There are a few reasons why gold is so valuable. Like any asset, gold is simply worth what someone will pay for it. Gold has been used as a store of value for thousands of years, and its track record and network effect means there’s strong confidence in it. Across cultures, civilisations and very different economic circumstances, gold is still the go-to store of value.
Part of its appeal comes down to its scarcity. There isn’t much gold in the world, and much of what there is has already been mined. Unlike dollars, you don’t need to worry about massive new supply coming onto the market.
This reality is formalised in a metric known as the stock-to-flow ratio. This is simply the ratio of the amount of the asset available – the stock – compared with new supply coming onto the market, or the flow. For bitcoin, as Stephan Livera recently commented, it can be taken as a measure of digital scarcity.
Roughly 170,000 tonnes of gold has already been mined. Meanwhile around 2,400 tonnes of gold is mined every year, ending up on the market. Gold’s stock-to-flow ratio is therefore 170,000:2,400, or 71. To put it another way, gold’s ‘inflation’ is very low. If you hold gold in your portfolio, you don’t need to worry about it being devalued by massive new supply coming onto the market: it’s just not realistic to think that mining companies can increase production significantly.
As ‘digital gold’, what is Bitcoin’s stock-to-flow ratio? Right now, supply is around 17.6 million BTC. 1,800 new BTC are mined every day, or 657,000 BTC per year.

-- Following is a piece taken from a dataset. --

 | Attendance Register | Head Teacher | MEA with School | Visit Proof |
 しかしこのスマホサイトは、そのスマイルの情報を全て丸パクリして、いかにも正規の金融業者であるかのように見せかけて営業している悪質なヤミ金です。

So Bitcoin’s stock-to-flow ratio is just under 27. But it won’t stay that way.
By the next halving, around May 2020, Bitcoin’s supply will be approaching 19 million. Since block rewards will fall to 6.25 BTC every 10 minutes, flow will be 328,500, making its stock-to-flow ratio nearer 58 – not far off gold. And four years after that, when block rewards halve to 3.125 BTC, that ratio will rise to well over 100. So in five years’ time, Bitcoin’s stock-to-flow ratio will be far in excess of gold’s.
Of course, that doesn’t guarantee bitcoin’s place in history as digital gold, but it is another piece of evidence to suggest it’s in a good position.